Data for analysis →
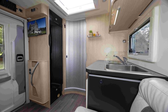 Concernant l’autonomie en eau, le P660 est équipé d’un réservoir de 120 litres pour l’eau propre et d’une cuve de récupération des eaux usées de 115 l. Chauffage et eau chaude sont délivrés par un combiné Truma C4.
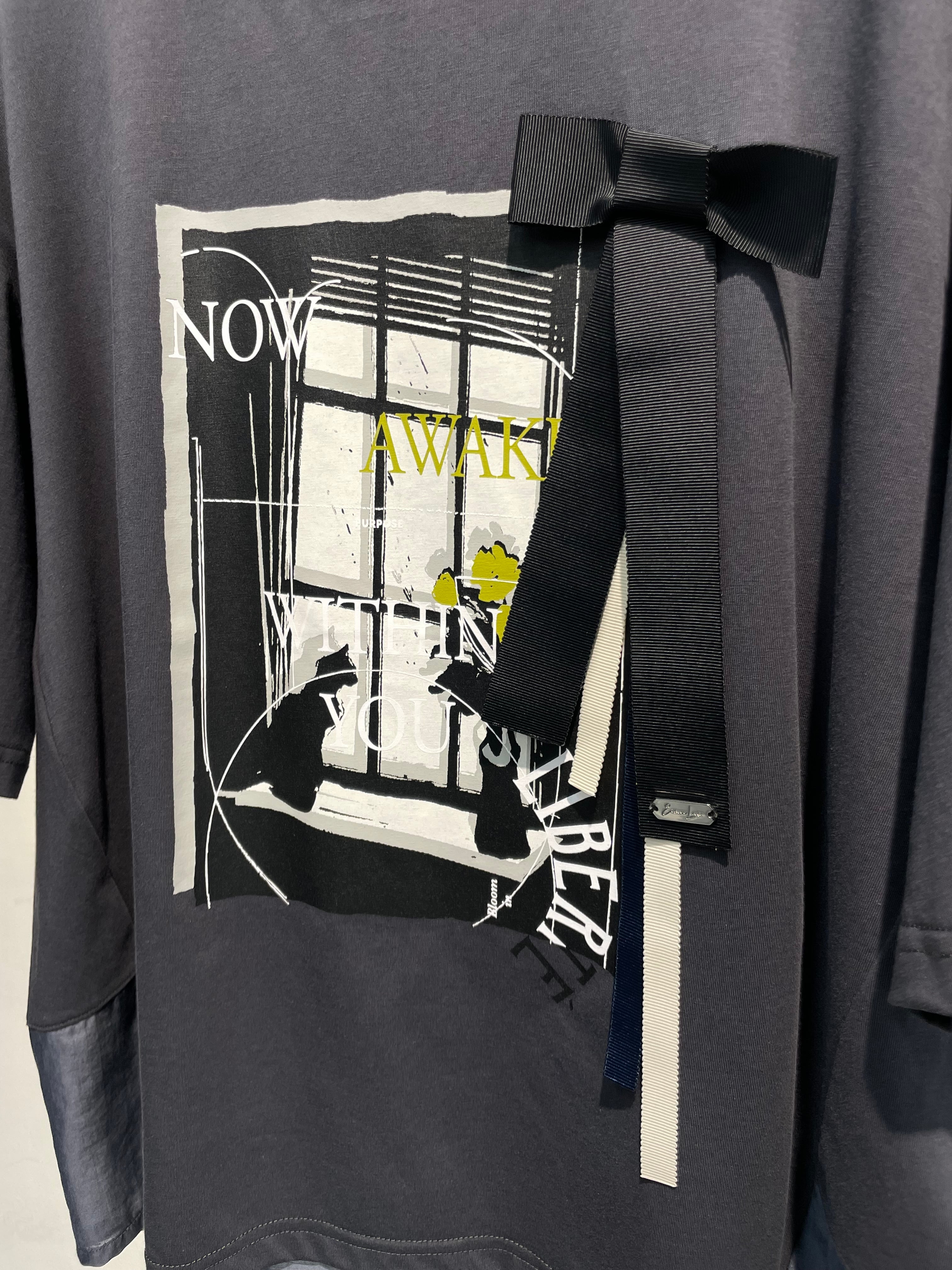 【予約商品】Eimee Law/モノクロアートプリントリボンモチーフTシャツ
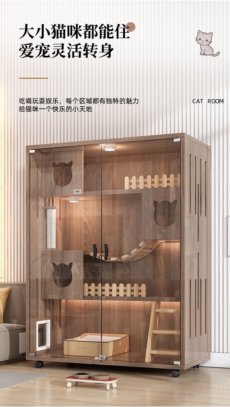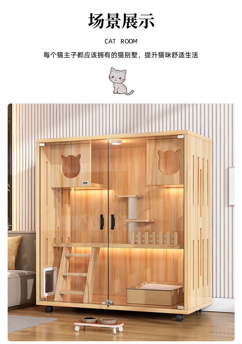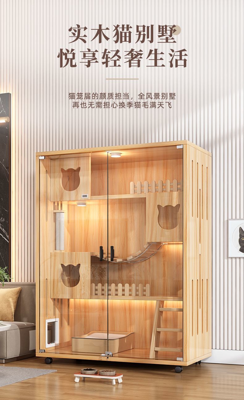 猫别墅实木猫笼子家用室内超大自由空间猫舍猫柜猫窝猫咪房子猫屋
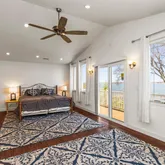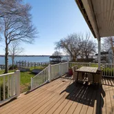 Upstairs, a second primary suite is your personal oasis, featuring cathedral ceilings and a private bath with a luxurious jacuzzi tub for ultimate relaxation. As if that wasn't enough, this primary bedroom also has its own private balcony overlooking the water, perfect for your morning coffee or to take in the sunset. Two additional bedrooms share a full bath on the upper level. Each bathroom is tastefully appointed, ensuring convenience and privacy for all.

==

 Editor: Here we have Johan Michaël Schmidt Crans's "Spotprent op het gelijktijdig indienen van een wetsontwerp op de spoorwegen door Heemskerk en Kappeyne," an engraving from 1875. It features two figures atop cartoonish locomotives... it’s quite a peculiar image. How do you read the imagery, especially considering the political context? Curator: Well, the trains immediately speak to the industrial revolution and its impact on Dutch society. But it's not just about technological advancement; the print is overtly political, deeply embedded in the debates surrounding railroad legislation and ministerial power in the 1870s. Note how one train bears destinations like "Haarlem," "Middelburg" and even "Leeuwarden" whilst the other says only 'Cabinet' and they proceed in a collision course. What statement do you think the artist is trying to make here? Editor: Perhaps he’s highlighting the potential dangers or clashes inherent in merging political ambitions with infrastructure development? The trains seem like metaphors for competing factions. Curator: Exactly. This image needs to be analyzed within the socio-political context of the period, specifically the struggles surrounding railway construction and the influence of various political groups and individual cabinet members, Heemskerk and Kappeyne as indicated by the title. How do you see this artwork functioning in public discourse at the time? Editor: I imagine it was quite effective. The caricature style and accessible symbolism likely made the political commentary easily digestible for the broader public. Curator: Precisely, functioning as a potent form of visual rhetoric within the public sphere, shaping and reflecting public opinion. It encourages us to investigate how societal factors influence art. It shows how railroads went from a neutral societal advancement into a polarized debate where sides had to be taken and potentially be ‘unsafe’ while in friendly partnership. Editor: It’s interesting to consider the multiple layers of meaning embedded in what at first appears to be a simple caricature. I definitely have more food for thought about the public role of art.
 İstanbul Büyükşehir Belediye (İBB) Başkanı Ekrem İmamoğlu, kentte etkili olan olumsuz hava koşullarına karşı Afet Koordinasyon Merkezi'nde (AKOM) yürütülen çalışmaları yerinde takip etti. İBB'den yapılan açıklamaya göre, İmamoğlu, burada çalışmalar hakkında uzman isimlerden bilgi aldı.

Task requirements →
Above is the material; set down exactly its lines from the one containing "猫别墅实木猫笼子家用室内超大自由空间猫舍猫柜猫窝猫咪房子猫屋" down to the one containing "Upstairs, a second", both included, leaving out any pictures.

Result of this exercise →
 猫别墅实木猫笼子家用室内超大自由空间猫舍猫柜猫窝猫咪房子猫屋
 Upstairs, a second primary suite is your personal oasis, featuring cathedral ceilings and a private bath with a luxurious jacuzzi tub for ultimate relaxation. As if that wasn't enough, this primary bedroom also has its own private balcony overlooking the water, perfect for your morning coffee or to take in the sunset. Two additional bedrooms share a full bath on the upper level. Each bathroom is tastefully appointed, ensuring convenience and privacy for all.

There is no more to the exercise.